- _About this exercise_:
An exact copy of the data is required, with no pictures in it.

- _Items from a data source_:
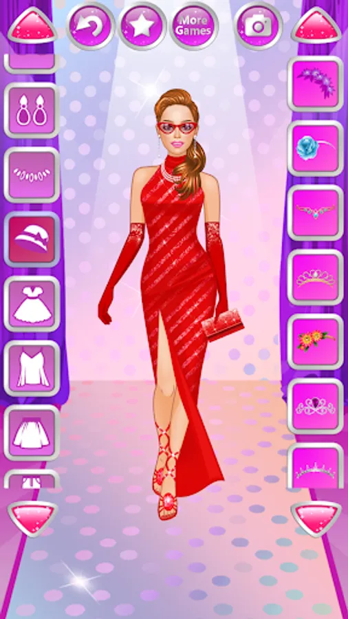 If you are a fan of shopping, cosplay, beauty salon and dressup simulators, be sure to press "More Games" button inside the game to download and play more of our makeovers for Android. Our doll styling and fashionista girl apps are free and totally cool. Design a fancy outfit, pick a trendy hairstyle and make up actresses, top models, celebrities, and socialite shopaholics on the red carpet. Train your outfit & image designer talents with our great fashion apps for girls and fashionistas of all ages.
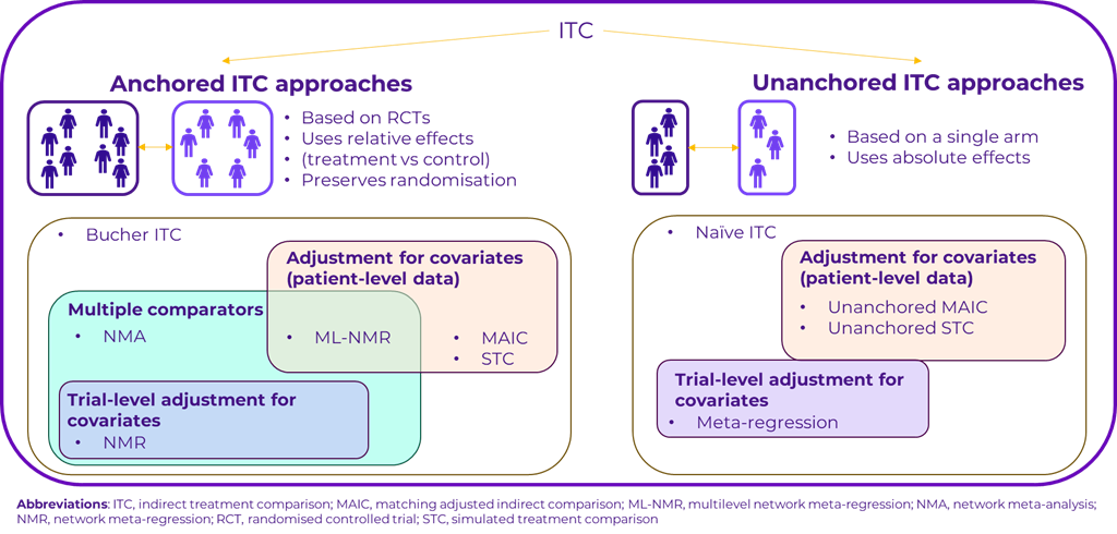 A core decision in any ITC is whether to use an anchored or unanchored approach. Anchored ITCs rely on randomised controlled trials and use a common control group to compare treatments. This method is preferred for its ability to preserve the integrity of randomisation, thereby minimising bias. Anchored approaches include methods like network meta-analysis, network meta-regression, matching adjusted indirect comparisons (MAIC), and multilevel network meta-regression (ML-NMR). MAIC and ML‑NMR adjust for patient-level covariates, providing a more refined and accurate estimate of the treatment effect.
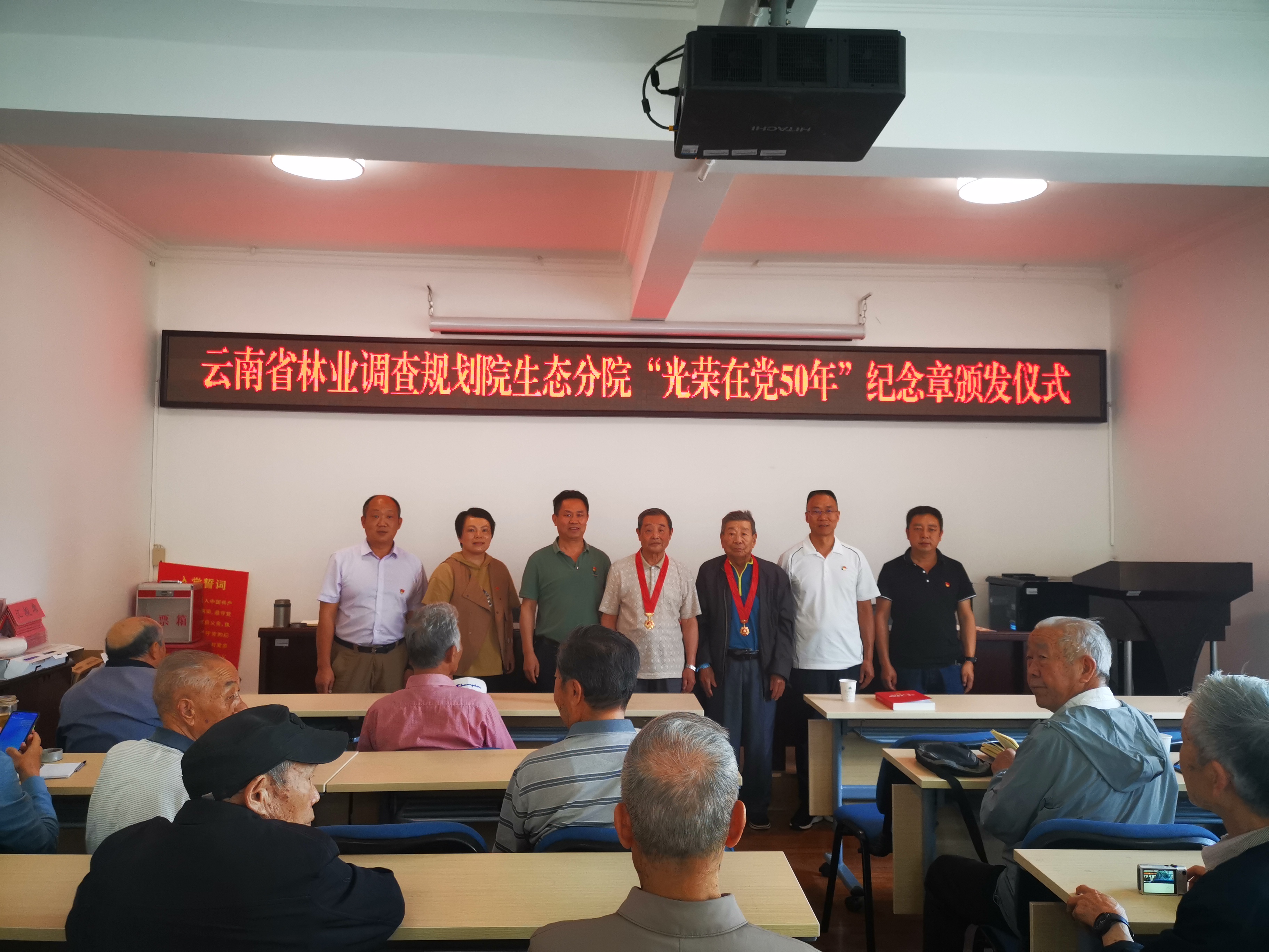 专题活动首先为“光荣在党50年”的两位老党员颁发纪念章,送上祝福,并号召广大党员干部要从“纪念章”的荣光里体悟出敬业和实干,年轻党员要继承老一辈共产党员的光荣传统和优良作风,坚定信念,凝聚力量,始终保持革命者的大无畏奋斗精神,激发越是艰难越是向前的斗争精神。
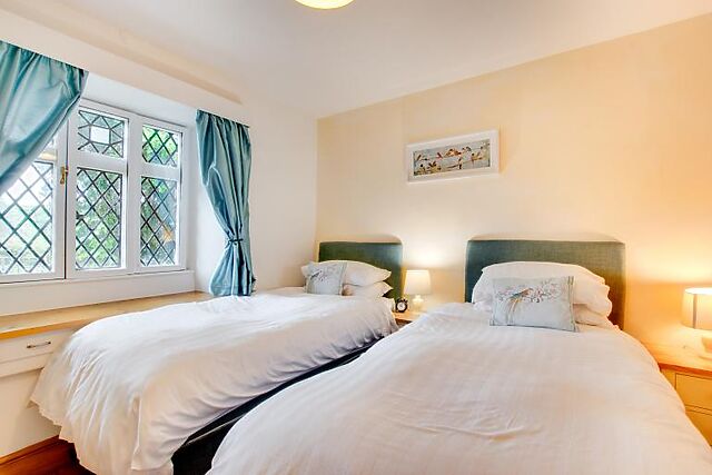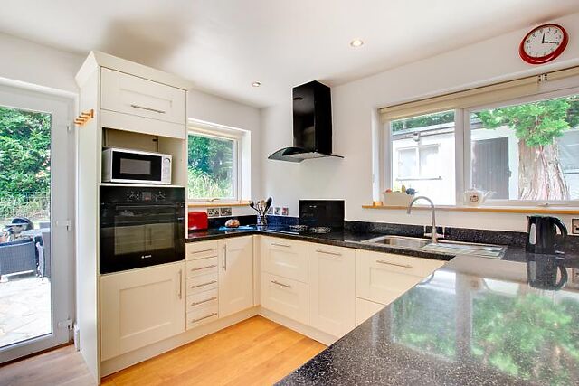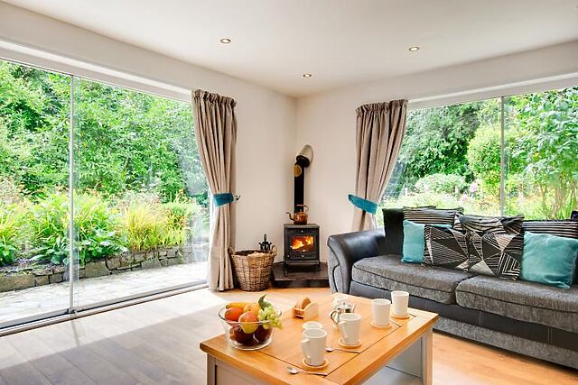 Inside, you’ll find a bright and airy kitchen with contemporary fittings and a handy breakfast bar. The lounge is inviting with a warming wood burner and comfortable seating. Sliding doors open to the outside, letting in natural light. The bedrooms include a king-size and a twin room, both with original windows.
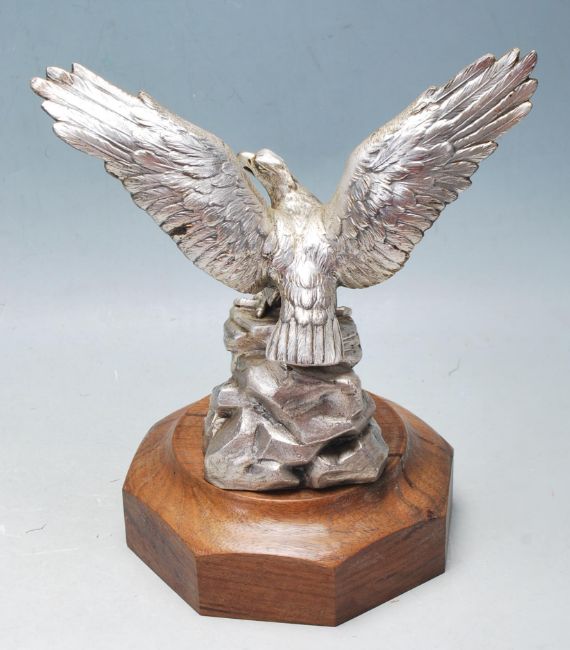 A vintage 20th century large white metal American eagle raised on a naturalistic base.
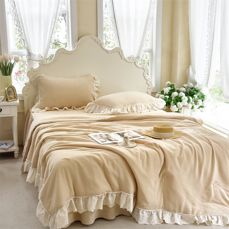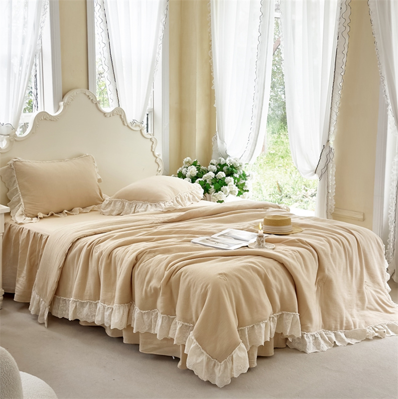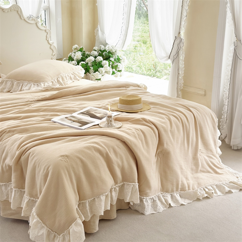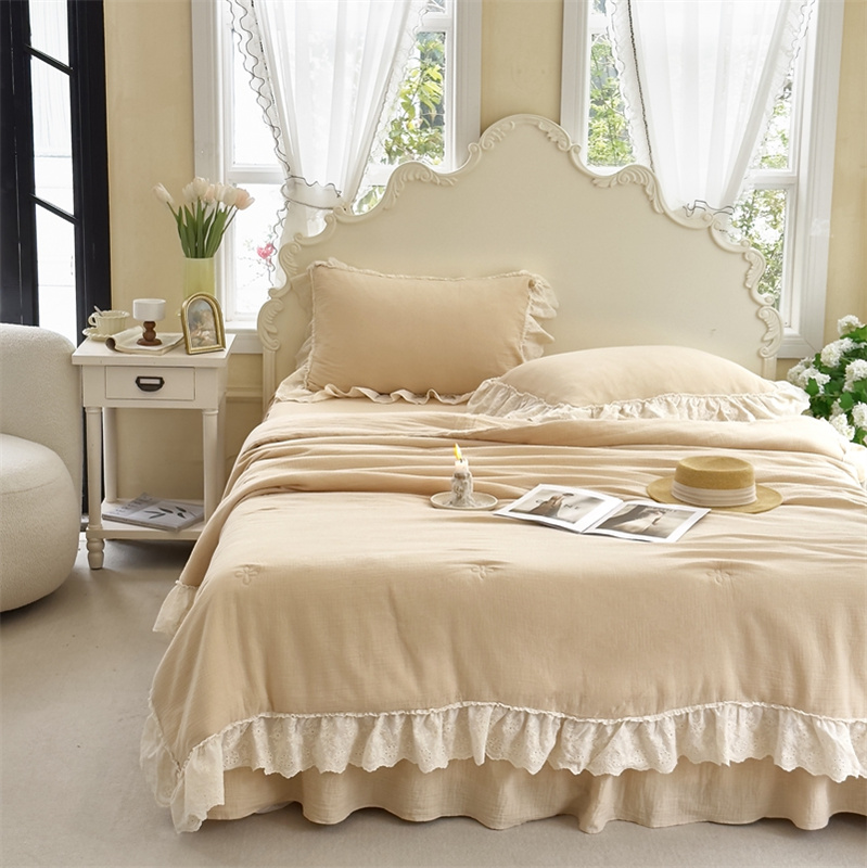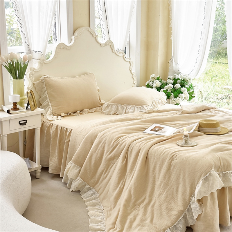 (总)北纬27度2025新款双层全棉绉绉纱夏被四件套,米色,浅卡其,豆沙,牛仔蓝
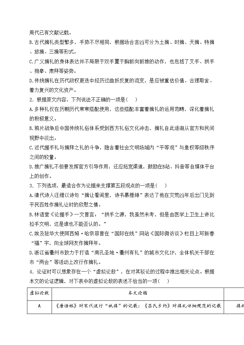 解析:B.偏离驳论重点,虚拟论敌应为“传统揖礼是‘封建’的写照”。
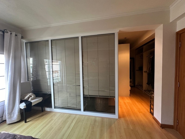 Quarto de casal com banheiro privativo e banheira de canto, com quarto de vestir incluído e varandim para a zona da entrada da vila de Velas, dois quartos de cama com varanda para a Avenida do Livramento, uma casa de banho comum no piso de cima e ainda um escritório também com varanda mas para a montanha.
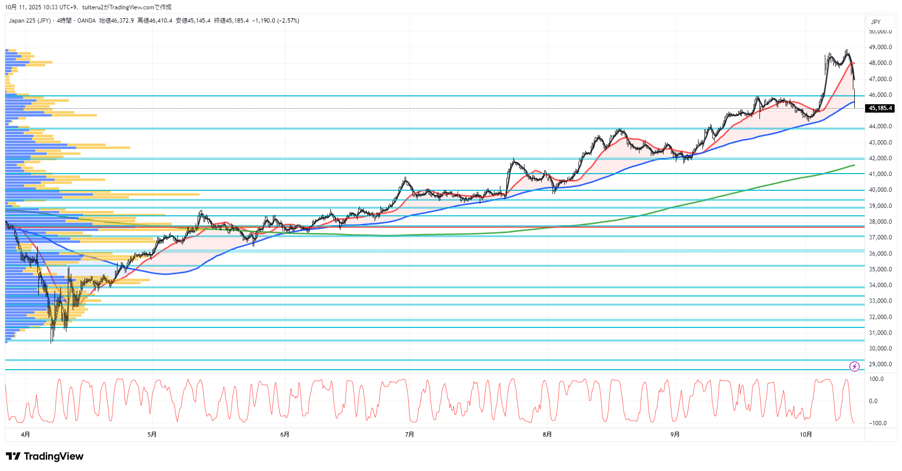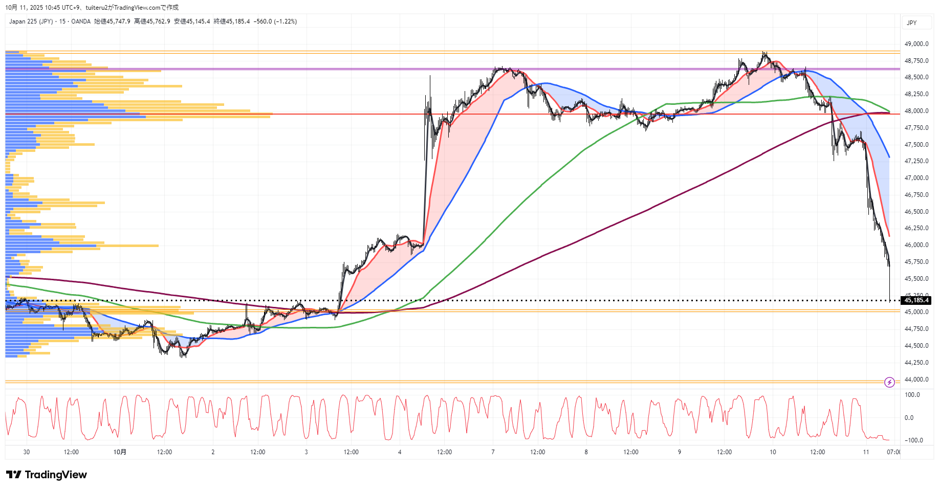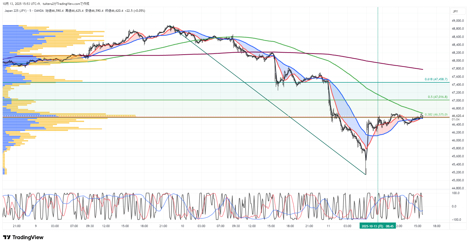 OANDAの『JP225』の 朝5:30時点 の 環境認識 と エントリーシナリオ です。
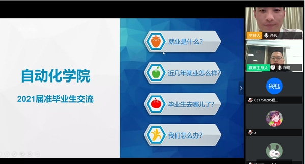 根据前期调研结果,为解答同学们关于就业的相关疑问,自动化学院本科2017级于4月16日开展了第一次就业指导线上讲座。本次讲座邀请了学校就业创业指导服务中心的陶琨老师,本科2017级辅导员肖帆及2017级200余位同学参加了本次讲座。
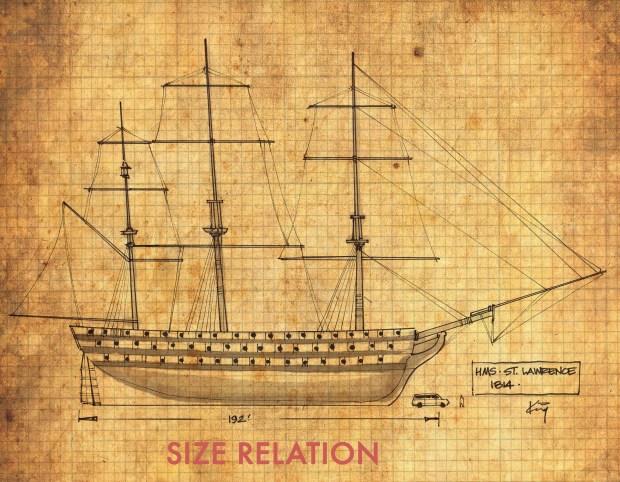 Patrolling the waters of Lake Ontario on the hunt to decimate any American ships in its path, the floating behemoth out-sized and outgunned anything the Americans had on the water. Out of fear the monster ship would blow their ships out of the water if confronted, the American fleet was kept their precious ships hidden safely in harbours with a clandestine attack planned to sink the mighty warship. Fearing the St. Lawrence would turn the tide of the war, the Americans sent in a secret team of operatives to sink the St. Lawrence in Kingston’s harbour with sea-mine of made out of a gunpowder filled keg. They failed in their mission to sink the new threat and a few months later, the War of 1812 ended.

- _Reply to the task_:
 If you are a fan of shopping, cosplay, beauty salon and dressup simulators, be sure to press "More Games" button inside the game to download and play more of our makeovers for Android. Our doll styling and fashionista girl apps are free and totally cool. Design a fancy outfit, pick a trendy hairstyle and make up actresses, top models, celebrities, and socialite shopaholics on the red carpet. Train your outfit & image designer talents with our great fashion apps for girls and fashionistas of all ages.
 A core decision in any ITC is whether to use an anchored or unanchored approach. Anchored ITCs rely on randomised controlled trials and use a common control group to compare treatments. This method is preferred for its ability to preserve the integrity of randomisation, thereby minimising bias. Anchored approaches include methods like network meta-analysis, network meta-regression, matching adjusted indirect comparisons (MAIC), and multilevel network meta-regression (ML-NMR). MAIC and ML‑NMR adjust for patient-level covariates, providing a more refined and accurate estimate of the treatment effect.
 专题活动首先为“光荣在党50年”的两位老党员颁发纪念章,送上祝福,并号召广大党员干部要从“纪念章”的荣光里体悟出敬业和实干,年轻党员要继承老一辈共产党员的光荣传统和优良作风,坚定信念,凝聚力量,始终保持革命者的大无畏奋斗精神,激发越是艰难越是向前的斗争精神。
 Inside, you’ll find a bright and airy kitchen with contemporary fittings and a handy breakfast bar. The lounge is inviting with a warming wood burner and comfortable seating. Sliding doors open to the outside, letting in natural light. The bedrooms include a king-size and a twin room, both with original windows.
 A vintage 20th century large white metal American eagle raised on a naturalistic base.
 (总)北纬27度2025新款双层全棉绉绉纱夏被四件套,米色,浅卡其,豆沙,牛仔蓝
 解析:B.偏离驳论重点,虚拟论敌应为“传统揖礼是‘封建’的写照”。
 Quarto de casal com banheiro privativo e banheira de canto, com quarto de vestir incluído e varandim para a zona da entrada da vila de Velas, dois quartos de cama com varanda para a Avenida do Livramento, uma casa de banho comum no piso de cima e ainda um escritório também com varanda mas para a montanha.
 OANDAの『JP225』の 朝5:30時点 の 環境認識 と エントリーシナリオ です。
 根据前期调研结果,为解答同学们关于就业的相关疑问,自动化学院本科2017级于4月16日开展了第一次就业指导线上讲座。本次讲座邀请了学校就业创业指导服务中心的陶琨老师,本科2017级辅导员肖帆及2017级200余位同学参加了本次讲座。
 Patrolling the waters of Lake Ontario on the hunt to decimate any American ships in its path, the floating behemoth out-sized and outgunned anything the Americans had on the water. Out of fear the monster ship would blow their ships out of the water if confronted, the American fleet was kept their precious ships hidden safely in harbours with a clandestine attack planned to sink the mighty warship. Fearing the St. Lawrence would turn the tide of the war, the Americans sent in a secret team of operatives to sink the St. Lawrence in Kingston’s harbour with sea-mine of made out of a gunpowder filled keg. They failed in their mission to sink the new threat and a few months later, the War of 1812 ended.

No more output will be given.